British police charged Ali Harbi Ali, 25, with the murder of lawmaker David Amess, who was stabbed to death on Friday at a meeting in his constituency, saying it was an act of terrorism.
Amess’s murder has shocked Britain’s political establishment, coming five years after another lawmaker was murdered, prompting calls for increased safety for members of parliament.
“We will submit to the court that this murder has a terrorist connection, namely that it had both religious and ideological motivations,” Nick Price, head of the Crown Prosecution Service Special Crime and Counter Terrorism Division.
“He has also been charged with the preparation of terrorist acts. This follows a review of the evidence gathered by the Metropolitan Police in its investigation.”
The accused is due to appear at London’s Westminster Magistrates’ court later on Thursday.

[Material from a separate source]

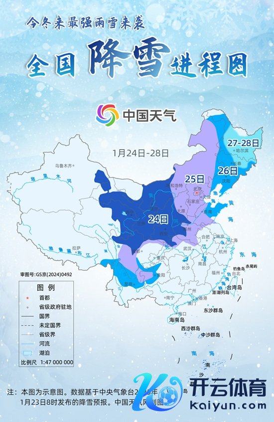 从中国天气网推出的寰宇降雪进度图来看,24日至25日是雨雪限度最大的时段,十余个省份会受到影响,西北、华北大部、黄淮中西部以及湖北北部、四川中部将有小到中雪或雨夹雪,部分地区大到暴雪。26日,东北中南部、贵州西部、云南北部降雪增加,以小到中雪或雨夹雪为主。27日至28日伴跟着冷涡、气旋发展,通常黄海、日本海水汽干预并团聚抬升,东北可能出现强降雪,辽宁局地能达到暴雪量级。

‘Huge level of public interest’
“There has been considerable speculation in the media about the background, history and motivation of the man now charged,” said Matt Jukes, London police’s assistant commissioner for specialist operations.
“I understand the huge level of public interest in this case, but now a charge has been brought, it is vitally important that everyone exercises restraint when commenting on it publicly, to ensure future court proceedings are not prejudiced in any way.”

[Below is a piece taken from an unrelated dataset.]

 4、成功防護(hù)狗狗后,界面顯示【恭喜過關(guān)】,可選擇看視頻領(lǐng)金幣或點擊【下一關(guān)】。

The death of Amess, who had served in parliament for decades and was knighted by Queen Elizabeth in 2015, has shocked Britain, especially its politicians, who pride themselves on being accessible to their constituents. It has prompted conversations at the highest levels about how the country protects its leaders and grapples with extremism at home.
The slaying came five years after Labour Party lawmaker Jo Cox was shot and stabbed to death by a far-right extremist. Cox was the first British lawmaker to be killed since a peace accord ended large-scale Northern Ireland violence almost 30 years earlier.